Give the data back exactly. Leave out any images.

- The data -
......

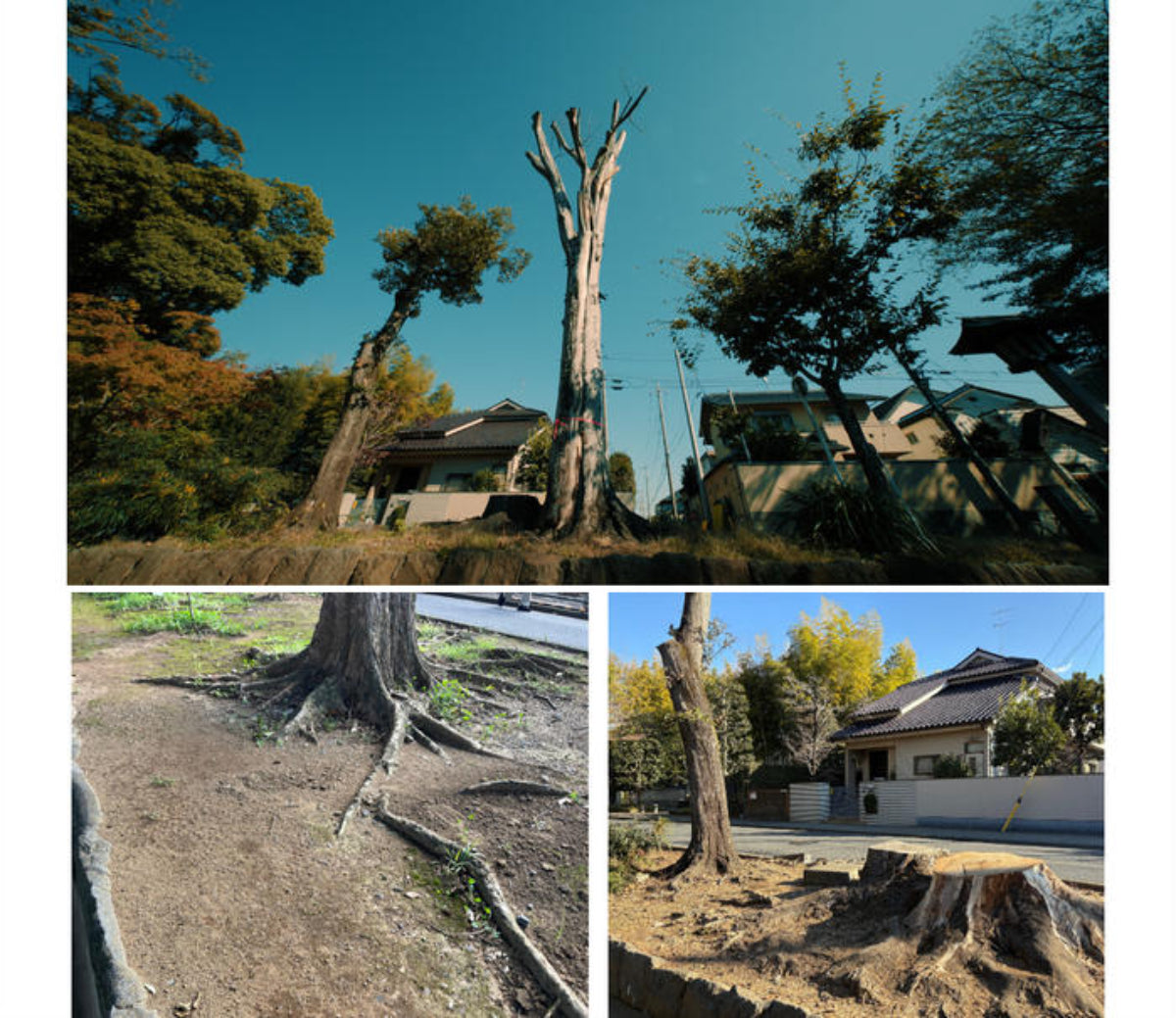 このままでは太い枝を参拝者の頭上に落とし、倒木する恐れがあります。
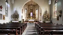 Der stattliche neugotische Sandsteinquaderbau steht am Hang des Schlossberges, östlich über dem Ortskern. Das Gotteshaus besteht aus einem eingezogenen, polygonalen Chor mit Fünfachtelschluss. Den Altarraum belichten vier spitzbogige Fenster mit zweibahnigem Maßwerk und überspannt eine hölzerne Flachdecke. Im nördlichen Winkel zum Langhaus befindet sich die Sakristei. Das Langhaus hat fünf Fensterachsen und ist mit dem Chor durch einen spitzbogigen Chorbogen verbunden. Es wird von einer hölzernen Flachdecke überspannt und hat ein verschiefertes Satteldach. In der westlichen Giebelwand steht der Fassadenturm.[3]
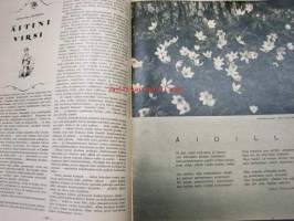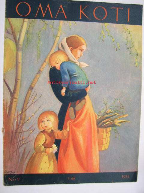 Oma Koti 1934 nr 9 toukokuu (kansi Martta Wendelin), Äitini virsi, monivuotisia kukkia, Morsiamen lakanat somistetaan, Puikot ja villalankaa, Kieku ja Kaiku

......

- Exercise output -
 このままでは太い枝を参拝者の頭上に落とし、倒木する恐れがあります。
 Der stattliche neugotische Sandsteinquaderbau steht am Hang des Schlossberges, östlich über dem Ortskern. Das Gotteshaus besteht aus einem eingezogenen, polygonalen Chor mit Fünfachtelschluss. Den Altarraum belichten vier spitzbogige Fenster mit zweibahnigem Maßwerk und überspannt eine hölzerne Flachdecke. Im nördlichen Winkel zum Langhaus befindet sich die Sakristei. Das Langhaus hat fünf Fensterachsen und ist mit dem Chor durch einen spitzbogigen Chorbogen verbunden. Es wird von einer hölzernen Flachdecke überspannt und hat ein verschiefertes Satteldach. In der westlichen Giebelwand steht der Fassadenturm.[3]
 Oma Koti 1934 nr 9 toukokuu (kansi Martta Wendelin), Äitini virsi, monivuotisia kukkia, Morsiamen lakanat somistetaan, Puikot ja villalankaa, Kieku ja Kaiku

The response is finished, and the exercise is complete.